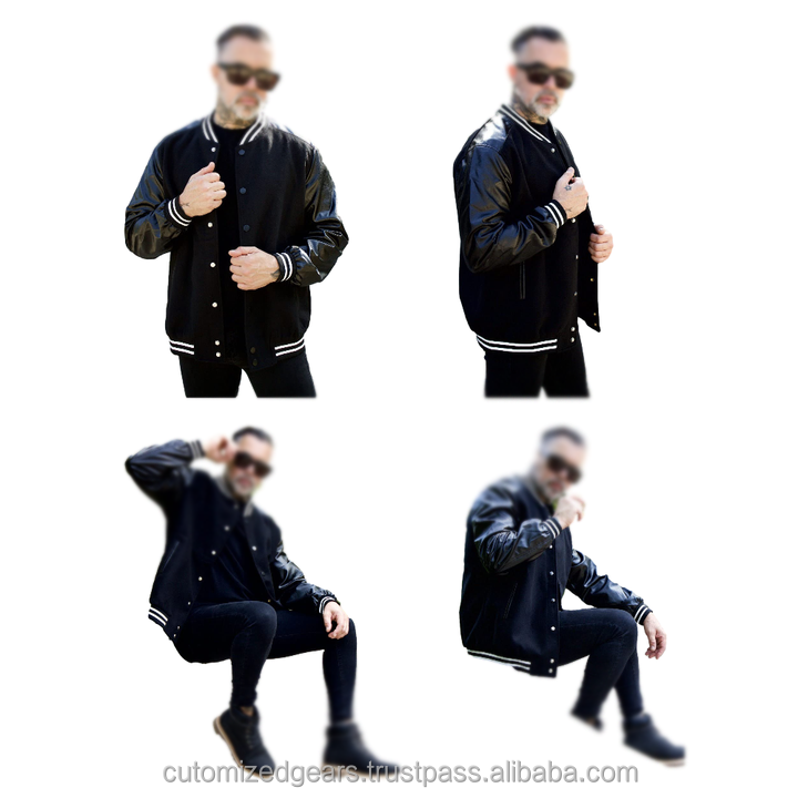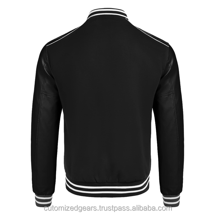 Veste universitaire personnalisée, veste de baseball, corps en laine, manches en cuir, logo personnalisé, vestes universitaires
--
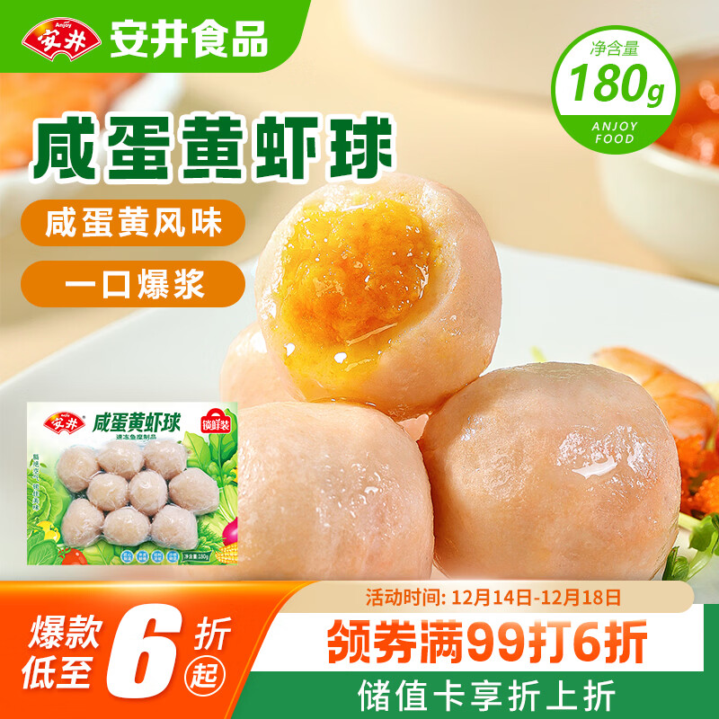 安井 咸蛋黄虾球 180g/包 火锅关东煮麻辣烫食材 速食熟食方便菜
--
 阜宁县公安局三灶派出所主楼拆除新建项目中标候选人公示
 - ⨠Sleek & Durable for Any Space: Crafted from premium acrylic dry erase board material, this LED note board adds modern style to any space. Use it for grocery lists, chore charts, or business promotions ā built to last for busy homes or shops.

TASK DETAILS ::
Within the material above, extract exactly the lines that start at the line containing "阜宁县公安局三灶派出所主楼拆除新建项目中标候选人公示" and stop after the line containing "- ⨠Sleek & Durable", and only those.

SOLUTION TO THE EXERCISE ::
 阜宁县公安局三灶派出所主楼拆除新建项目中标候选人公示
 - ⨠Sleek & Durable for Any Space: Crafted from premium acrylic dry erase board material, this LED note board adds modern style to any space. Use it for grocery lists, chore charts, or business promotions ā built to last for busy homes or shops.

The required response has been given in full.